UKHospitality — which represents the interests of the UK’s hospitality sector and whose business partners include major brands like Diageo and Molson Coors, called the tipping proposals an “unnecessary burden.”

UKHospitality Chief Executive Kate Nicholls said: “The hospitality sector took immediate voluntary action to improve transparency and address concerns around the treatment of tips when the issue was first raised. UKHospitality and Unite have developed an industry Code of Practice which deals with the fair distribution of tips among all staff, not just waiters. As a result, best practice has been widely promoted across the sector.

“Some smaller businesses may retain a small proportion of tips to cover the costs of credit card charges and processing payments – but this is a small amount and the practice has been approved by Unite. At a time when costs are mounting for operators in the sector, the Government must be careful about introducing additional legislation. There is no evidence that further legislation, which may have unforeseen consequences for staff, is necessary at this time.”

 

The industry

Well done on new restaurant tips legislations coming into force soon!

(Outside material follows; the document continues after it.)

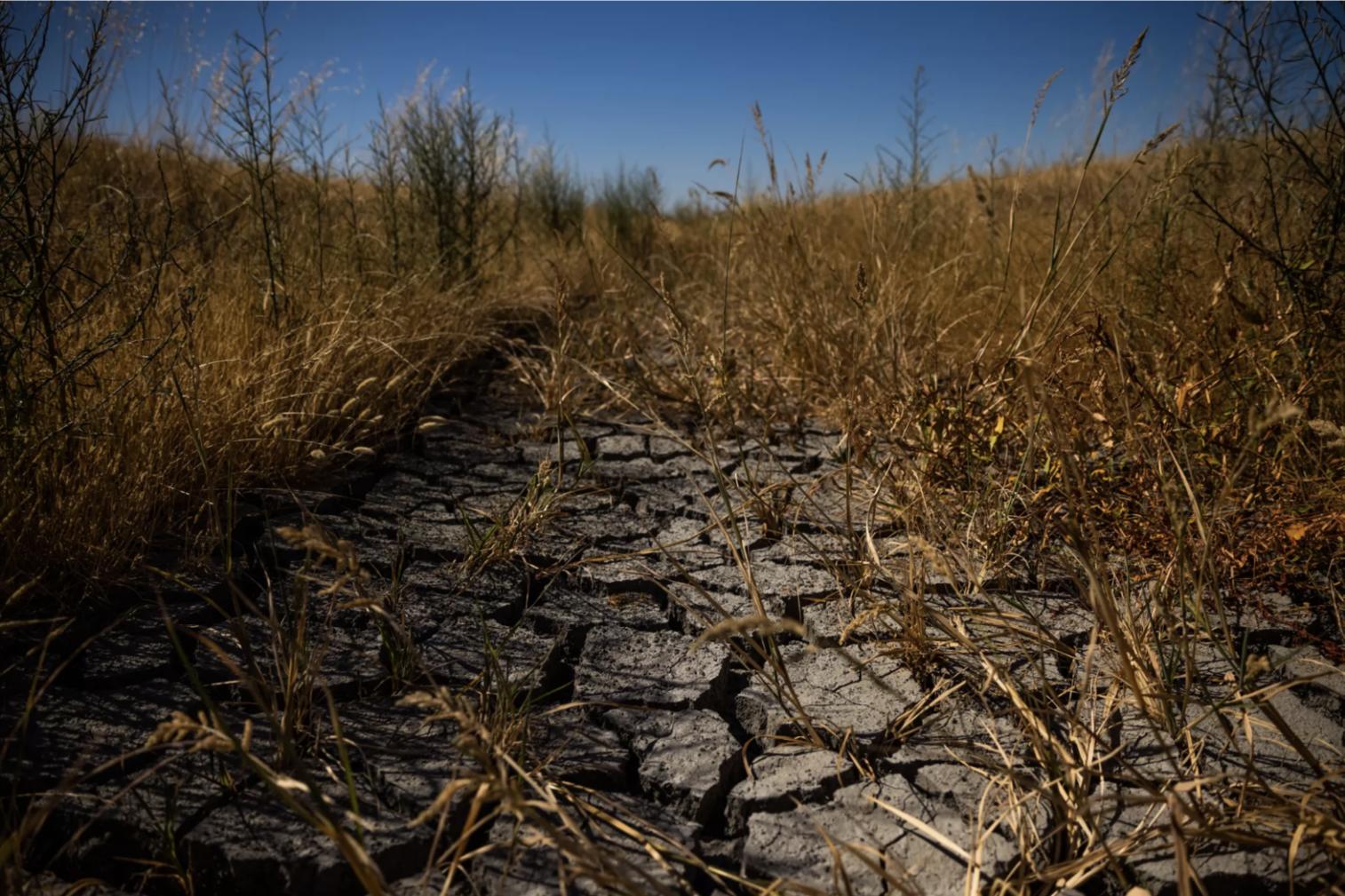 Đất khô nứt nẻ trong một con kênh nước ở khu vực trồng lúa gạo tại California. Ảnh: LA Times

Shame on restaurateurs and chain restaurants who do not share / give service charge to their staff! Service charge should be scrapped off completely and tipping decision left to guests only! #today

— Damian Wawrzyniak (@ChefConsultant) October 1, 2018

Some restaurant owners, including House of Feasts owner and chef consultant Damian Waryzniak, suggested that service charges should be scrapped altogether, and the tipping decision left entirely to customers.

He added that chain restaurants: “should show how they exactly divide service charge, every single penny should be transparent.”

Meanwhile, James Hacon of ThinkHospitality said the problem is not as much with chains as “independent (particularly fine dining) establishments charging ‘service’ and taking the lot, which is very common.

“They’re the ones that can hide from it.”